SOURCE DATA Start Marker

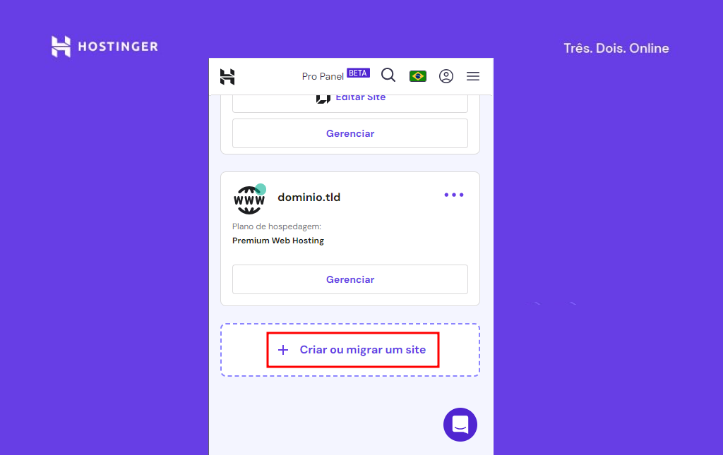 3. Se quiser criar um novo site, toque em Criar ou migrar um site.
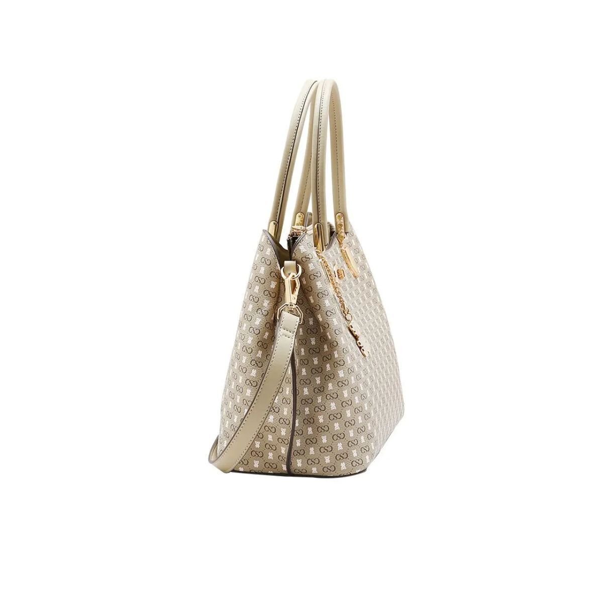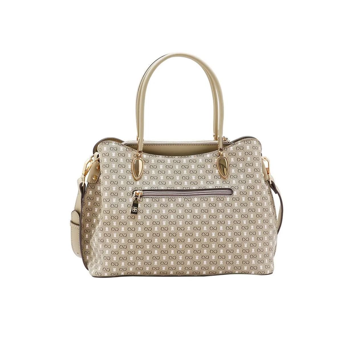 A Bolsa Chenson Monograma Baby Urso e perfeita para quem busca sofisticacao no dia a dia. Confeccionada em material resistente com estampa de monograma e detalhe metalico de ursinho, traz charme e autenticidade. Possui alcas de mao fixas e alca transversal ajustavel e removivel. O interior conta com tres divisoes espacosas, sendo uma com ziper, ideal para manter tudo bem organizado. O fechamento principal e em ziper com acabamento refinado. Detalhes em ferragens douradas e base estruturada garantem estilo e praticidade. Ideal para compor looks casuais e sociais com elegancia. Marca: Chenson Referencia: 3485367 Tamanho: Unico Material: Sintetico Comprimento: 38cm Altura: 31cm Largura: 18cm
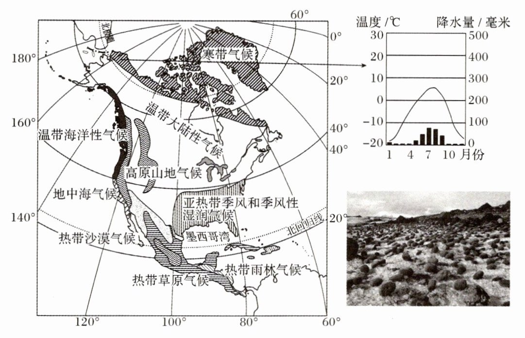 北美洲北部的冰面上生长着一种苔藓球,靠暖季在冰面上滚动来获取生长所需的光照,吸取冰面少量融化的液态水来维持生存,被称为“冰川老鼠”。下图是北美洲气候类型分布图、苔藓球分布地区气候资料及冰面上的苔藓球照片。据此完成1~2题。
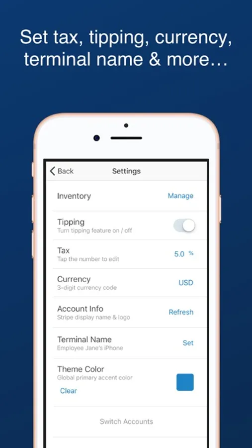 Accept virtually any credit or debit card directly to your Stripe account within seconds.
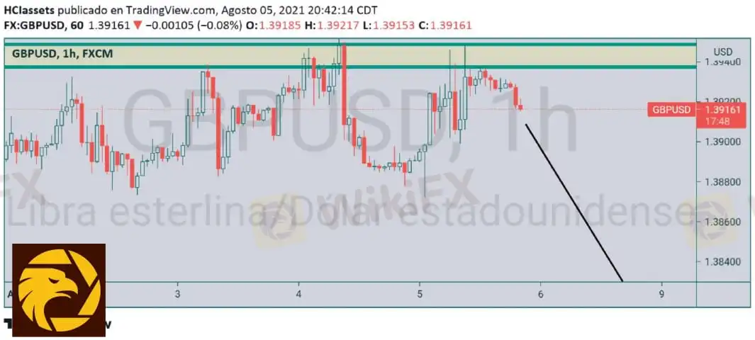 GBPUSD el precio en tendencia lateral hace triple techo en técnico además mañana hay NFP y se prevé fortalecimiento del dólar así que podemos buscar ventas a partir del precio 1.39000
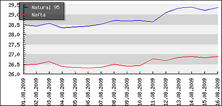 Vývoj priemerných cien pohonných hmôt v Moravskoslezskom kraji ČR: ![]()
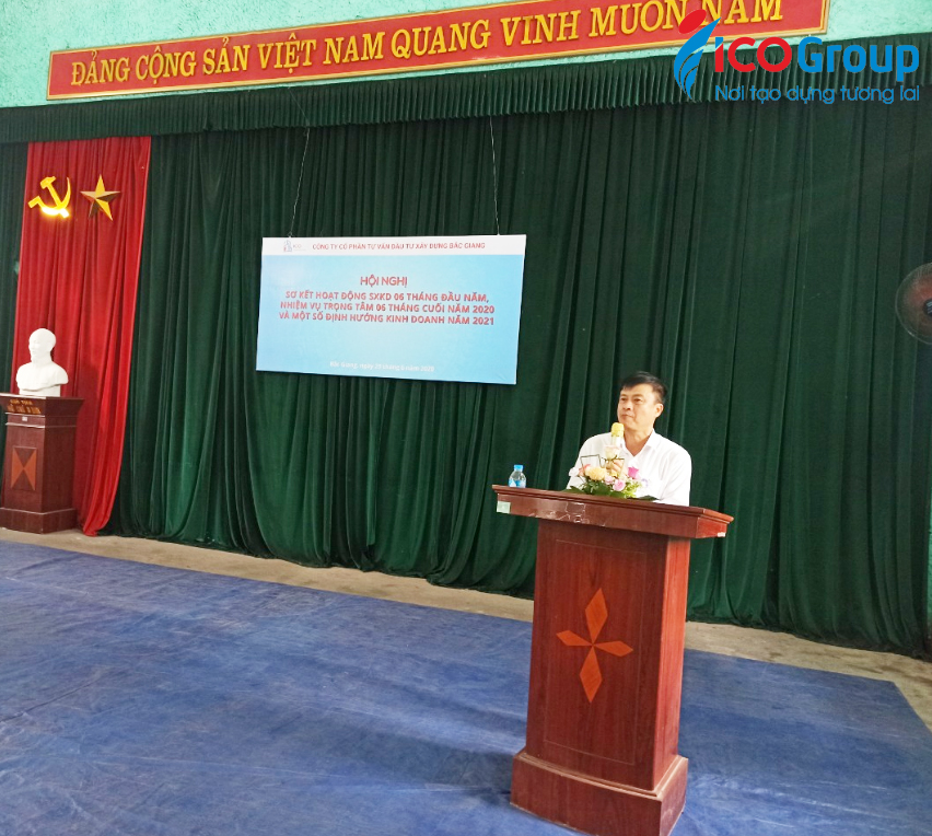 Chiều ngày 29/6/2020, tại Nhà đa năng, Công ty Cổ phần Tư vấn Đầu tư và Xây dựng Bắc Giang (ICOConstruction) đã tổ chức "Hội nghị sơ kết công tác 6 tháng đầu năm và triển khai nhiệm vụ 6 tháng cuối năm 2020". Tới dự, có ông Nguyễn Quang Tuấn – Chủ tịch Tập đoàn ICOGroup, ông Nguyễn Quang Minh – Tổng Giám đốc ICOHoldings cùng Ban lãnh đạo ICOConstruction và toàn thể CBNV trong công ty.
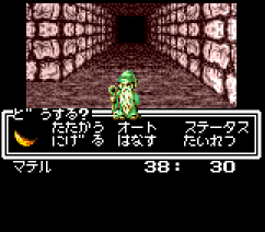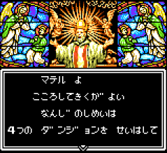 Apparently made by Sega, Last Bible Special was only released for the Game Gear, and is much closer to the Megami Tensei series in terms of gameplay. The dungeons are now first person again, removing it heavily from the other Last Bible games. Instead of the usual historical theme, the setting seems to be in biblical times, with a heavy Christian slant - you're given orders by someone who looks much like a Catholic bishop, and the backgrounds are adorned with ornate stained glass windows. And good lord, do they look good. While the static screenshots may look boring, the scrolling is much smoother than even the Super Famicom games, even if it does move slowly. Considering that the Game Gear is an 8-bit system, this is pretty impressive. Otherwise, it's the typical story - as the hero Matel, you must conquer four dungeons and save the day.
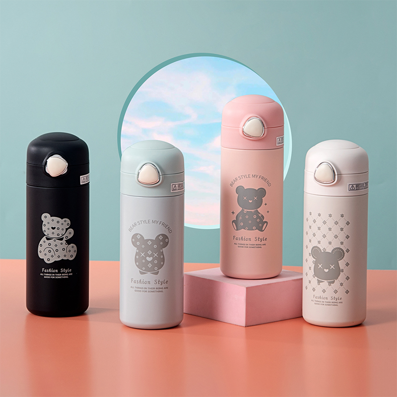 350ML欧雅线描小熊保温杯304不锈钢弹跳盖吸管杯
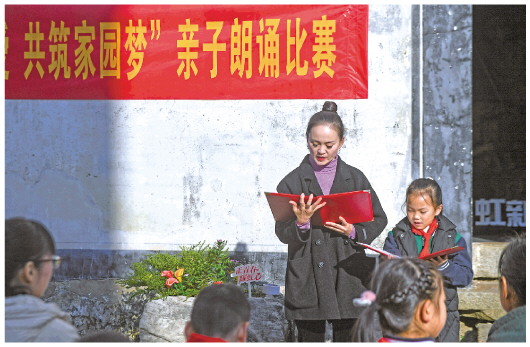 12月5日,一对母女在亲子朗诵比赛上朗诵好家风故事。当日,浙江省杭州市临安区高虹镇举行“传承红色基因 弘扬清廉家风”暨“小家传大爱 共筑家园梦”亲子朗诵比赛及参观活动,高虹小学的学生和家长一起参加了活动。

SOURCE DATA End Marker

WHAT IS BEING ASKED :: Output, exactly as written, only the lines from the beginning of the listing through the line containing "Vývoj priemerných cien", both included, and no pictures.

WRITTEN REPLY ::
 3. Se quiser criar um novo site, toque em Criar ou migrar um site.
 A Bolsa Chenson Monograma Baby Urso e perfeita para quem busca sofisticacao no dia a dia. Confeccionada em material resistente com estampa de monograma e detalhe metalico de ursinho, traz charme e autenticidade. Possui alcas de mao fixas e alca transversal ajustavel e removivel. O interior conta com tres divisoes espacosas, sendo uma com ziper, ideal para manter tudo bem organizado. O fechamento principal e em ziper com acabamento refinado. Detalhes em ferragens douradas e base estruturada garantem estilo e praticidade. Ideal para compor looks casuais e sociais com elegancia. Marca: Chenson Referencia: 3485367 Tamanho: Unico Material: Sintetico Comprimento: 38cm Altura: 31cm Largura: 18cm
 北美洲北部的冰面上生长着一种苔藓球,靠暖季在冰面上滚动来获取生长所需的光照,吸取冰面少量融化的液态水来维持生存,被称为“冰川老鼠”。下图是北美洲气候类型分布图、苔藓球分布地区气候资料及冰面上的苔藓球照片。据此完成1~2题。
 Accept virtually any credit or debit card directly to your Stripe account within seconds.
 GBPUSD el precio en tendencia lateral hace triple techo en técnico además mañana hay NFP y se prevé fortalecimiento del dólar así que podemos buscar ventas a partir del precio 1.39000
 Vývoj priemerných cien pohonných hmôt v Moravskoslezskom kraji ČR: ![]()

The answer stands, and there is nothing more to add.